Fungsi Dan Peranan Batu Bergores Dalam Tradisi Megalitik : Studi Kasus Temuan di Provinsi Lampung

Oleh : Nurul Laili

Latar Belakang
Kawasan Lampung termasuk daerah yang banyak mempunyai situs megalitik. Temuan yang diperoleh di setiap situs sangat beragam, seperti temuan megalitik di daerah lain, kawasan Lampung juga diperoleh antara lain dolmen, batu datar, batu berurut, menhir, batu kandang, dan batu bergores.

Batu bergores yang dimaksud dalam tulisan ini adalah pahatan atau goresan pada temuan yang merupakan bagian dari tradisi megalitik. Wujud dari batu bergores berupa (1) monolit yang dipahat/gores; (2) jenis temuan megalitik lain (menhir, batu datar, dolmen yang terdapat pahatan/goresan).

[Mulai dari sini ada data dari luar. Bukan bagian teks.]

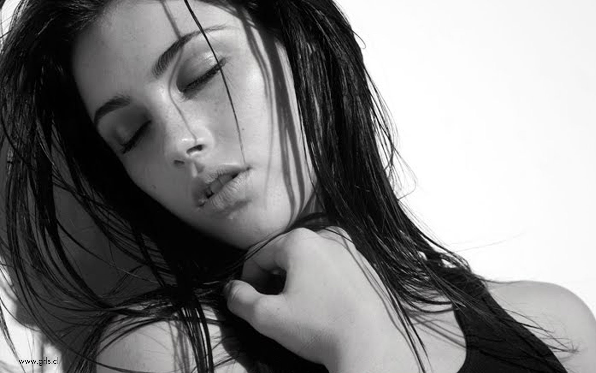 Description: A woman with her hair blowing in the wind with her eyes closed and her eyes closed.

Situs-situs megalitik di Indonesia yang memiliki tinggalan batu bergores, adalah Banyuurip (Purworejo, Jawa Tengah), Sumurpule (Rembang, Jawa Tengah), Bada (Sulawesi Tengah), Cicurug (Sukabumi, Jawa Barat), Cabangdua (Lampung Barat?), Bojong, dan Pugungraharjo (Lampung Tengah), Limbanang Atas ( Sumatera Barat), Tegurwangi Lama (Lahat, Sumatera Selatan ), Pandeglang (Banten), dan Watu Pinawetengan (Sulawesi Utara) (Haris Sukendar, 1979: 15; 1997/1998: 59-69; Anwar Falah, 1994: 25).

Fenomena yang ada menunjukkan temuan batu bergores secara kuantitatif merupakan temuan yang jauh lebih sedikit dibanding temuan megalitik lainnya. Untuk kawasan Lampung, batu bergores merupakan temuan paling minim dibanding temuan menhir, dolmen, ataupun batu datar. Di sebagian besar situs megalitik, temuan batu bergores selalu berasosiasi dengan temuan megalitik lainnya.

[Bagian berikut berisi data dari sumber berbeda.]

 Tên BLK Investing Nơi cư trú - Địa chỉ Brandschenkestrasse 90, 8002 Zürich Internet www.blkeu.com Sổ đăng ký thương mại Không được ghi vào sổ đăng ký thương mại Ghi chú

Situs-situs batu bergores di kawasan Lampung berada di

1. Kabupaten Lampung Timur, yaitu Situs Bojong, Benteng Nibung, dan Pugungraharjo

2. Kabupten Lampung Barat, yaitu Pekon Balak, Air Ringkih, dan Sukarame

Keberadaan batu bergores dalam tradisi megalitik tentunya mengandung maksud-maksud tertentu. Demikian pula halnya dengan pahatan/goresan yang ditorehkan pada sebuah batu dapat dipastikan mempunyai tujuan. Oleh karena itu, dalam kajian ini perlu dikedepankan permasalahan tentang apa fungsi dan peranan batu bergores dalam tradisi megalitik. Hal ini menjadi lebih menarik, karena temuan batu bergores paling sedikit dibanding temuan bangunan megalitik lainnya.
Tujuan dari kajian ini diharapkan dapat lebih mengungkap keberadaan batu bergores dan peranannya dalam suatu situs megalitik. Dengan demikian akan dapat diketahui kontribusi batu bergores dalam setiap situs megalitik.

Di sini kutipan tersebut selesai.